The oil, leaking from a basement tank, had been pumped out of a home near School Street.

Cleanup crews retrieved about 150 gallons of it, a third of which had spilled into the river.

TUESDAY, July 9

The inaugural Vermont Mad Pride celebration in Brattleboro Saturday will celebrate people with mental health conditions.

The event’s aim is to show pride, but also to speak out against discrimination.

It’s organized by Vermont Psychiatric Survivors Inc., the Hive Mutual Support Network and volunteers.

Keene’s mayor said he’d rather see City Council replacements who don’t intend to run for the positions in the fall.

The council will temporarily fill two seats recently vacated; both positions will go before voters in November.

Mayor Kendall Lane expressed concern that councilors’ votes for the interim posts could be seen as an endorsement if those candidates run again.

WEDNESDAY, July 10

Parents in the Keene School District are showing trepidation about potential grading changes.

About 50 people showed up for a meeting Tuesday on the district’s shift to a “competency-based” education model.

The model means Keene High School could eventually eliminate GPA, class rank and traditional grading.

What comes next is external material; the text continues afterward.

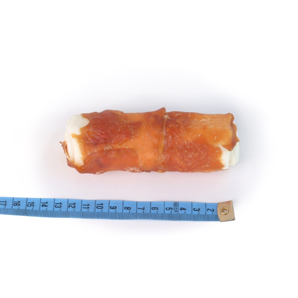 Složení: kuřecí maso, hovězí kůže, škrob, sorbitol, glycerin.

Elsie H. “Talu” Robertson of Keene died July 4 at the age of 80.

She was influential in shaping the region and state’s child abuse and juvenile justice programs and educational policies.

She also served as a guiding force in the development of the N.H. Division for Children, Youth and Families.

Peterborough officials have scheduled a rehearing for a zoning amendment voters approved in May.

The move comes after a local shooting range challenged the change as having not been adequately explained to voters.

It included a provision restricting shooting ranges to indoor facilities, which was not made clear on the ballot.

THURSDAY, July 11

The state says a man who promised high- paying jobs in Swanzey must pay those who actually signed on.

Angelo Nastovski, owner of BetterBone Inc., announced great plans for the former Homestead Woolen Mill that never materialized.

The state last week fined him $2,300 and ordered him to pay back wages to three women who worked for him.

The vision for a proposed “arts and culture corridor” in downtown Keene is getting clearer.

Jack Dugan, president of Monadnock Economic Development Corp., outlined the Byzantine financing behind the project Wednesday.

He said a charrette is planned for the fall to gather public input on the $30 million plan.

Keene and area towns are unsure of the implications of proposed state water-pollution regulations.

The rules would set drinking water and groundwater standards for certain PFAS chemicals.

Studies have linked prolonged exposure to particular PFAS compounds to health problems.

FRIDAY, July 12

A proposal to implement campaign finance reporting for mayoral candidates took a step forward Thursday night.

A City Council panel narrowly recommended drafting an ordinance to impose such requirements.

But City Clerk Patricia Little told the committee an ordinance can’t be put in place by this November’s election.

A plan to build a gas station, store and Dunkin’ Donuts in Winchester is headed back to the N.H. Supreme Court.

It’s the third time over seven years the development proposed for the intersection of Routes 10, 78 and 119 has been brought to the state’s high court.

The appeal from the nearby Kulick’s Market focuses on traffic flow to and from Route 10.

A divided Rindge Board of Selectmen has opted to let go of Town Administrator Joe Byk.

Byk, a former longtime Peterborough selectman, has been the town administrator in Rindge for three years.

The board voted 2-1 not to renew his contract, in a closed-door session July 3.